Please help me solve this problem about the force swinging on a rope.?

[CHEETAH]

A 45 kg child swings on a 15 m rope tied to a tree branch so that her speed at the exact bottom of the arc is 9 m/s. What is the minimum force that the child must exert on the rope without slipping?
I think the two forces holding the child are normal force and force due to gravity (so centripetal force?). Tell me if this answer is wrong:
Fn = 45 N
Fg = (45)(9.8) = 441 N
Therefore, Fn + Fg = 486.

 

[Jim]

The Normal force is always a RE-ACTION force and always acts PERPENDICULAR (aka Normal) to a surface.
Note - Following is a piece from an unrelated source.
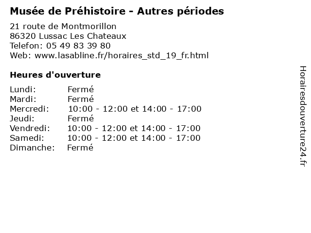 1 Musée de Préhistoire - De juin à septembre (Distance: 0,00 km) 21 route de Montmorillon, 86320 Lussac Les Chateaux de, exposition, juin, musée, préhistoire, septembre, visite 2 Musée de Préhistoire - Petites vacances scolaires (zone A) (Distance: 0,00 km) 21 route de Montmorillon, 86320 Lussac Les Chateaux de, exposition, musée, petites, préhistoire, scolaires, vacances, visite, zone 3 Abyssea - bowling (Périodes scolaires) (Distance: 6,91 km) - Route du Fond d'Orveau, 86320 Civaux abyssea, aqua, aquatique, bowling, périodes, scolaires 4 Piscine de Chauvigny - périodes scolaires (Distance: 19,59 km) - rue de la Maladrerie, 86300 Chauvigny aqua, aquatique, chauvigny, de, piscine, périodes, scolaires 5 Chateau de Forges - Juin/Juillet/Août/Septembre (Distance: 29,77 km) - D53, 36300 Concremiers ancien, art, chateau, de, et, exposition, forges, histoire, juin/juillet/août/septembre, livre, monument, musee, musée, office, savoir, tourisme, zoo 6 Chateau de Forges - Octobre à Avril (Distance: 29,77 km) - D53, 36300 Concremiers ancien, art, avril, chateau, de, et, exposition, forges, histoire, livre, monument, musee, musée, octobre, office, savoir, tourisme, zoo |

In the case of the rope and child holding it, the Normal force would act perpendicular to the rope and be a re-action to the "sqeeze force" of the hands on the rope.
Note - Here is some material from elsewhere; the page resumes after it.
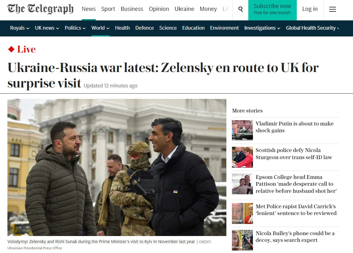 10.40 Президент Украины Владимир Зеленский направляется в Великобританию, чтобы посетить украинские войска, проходящие обучение в стране, и встретиться с Риши Сунаком на Даунинг-стрит, пишет The Telegraph.

The total weight of child definitely acts vertically to dislodge her from rope at the bottom of the arc.
But also, since she is in an "arc of motion" there is the centripetal force that acts (on her). At the bottom of the arc, the centripetal force acts vertically to add to her weight. So she must supply a re-action force along the rope to oppose both her weight AND the centripetal force.

Fc = centripetal force = mV²/R = (45)(9)²/15 = 243 N
Fg = girl's weight = 441 N

Minimum force (vertically) on rope = 243 + 441 = 684 N ANS

 

[Jim]

The Normal force is always a RE-ACTION force and always acts PERPENDICULAR (aka Normal) to a surface. In the case of the rope and child holding it, the Normal force would act perpendicular to the rope and be a re-action to the "sqeeze force" of the hands on the rope.

The total weight of child definitely acts vertically to dislodge her from rope at the bottom of the arc.
But also, since she is in an "arc of motion" there is the centripetal force that acts (on her). At the bottom of the arc, the centripetal force acts vertically to add to her weight. So she must supply a re-action force along the rope to oppose both her weight AND the centripetal force.

Fc = centripetal force = mV²/R = (45)(9)²/15 = 243 N
Fg = girl's weight = 441 N

Minimum force (vertically) on rope = 243 + 441 = 684 N ANS

 

[RickB]

> "Fn = 45N"

Not sure how you got that number; and I don't think it's relevant anyway. "Normal" means "perpendicular," so I don't know what you think this is perpendicular to.

Let "Fr" be the force that the child is exerting on the rope (i.e, the number we want). She's pulling down on the rope with force Fr, and (by Newton's 3rd Law) the rope is pulling UP on her with force Fr.

So the two forces acting on her (at the bottom of the arc) are:
Fg = mg (down)
Fr (up)

Therefore, the net upward force on her is:
Fr - mg

By Newton's 2nd law, the net force equals her mass times her acceleration:
Fr - mg = ma

Also, we know that whenever something is moving in a circular path, it has a centripetal acceleration of this amount:
a = v²/R
("R" is the radius of the circle; in this case, the length of the rope.)

Substitute:
Fr - mg = m(v²/R)

Solve for Fr:
Fr = m(v²/R + g)

Plug in the given values for "m", "v" and "R".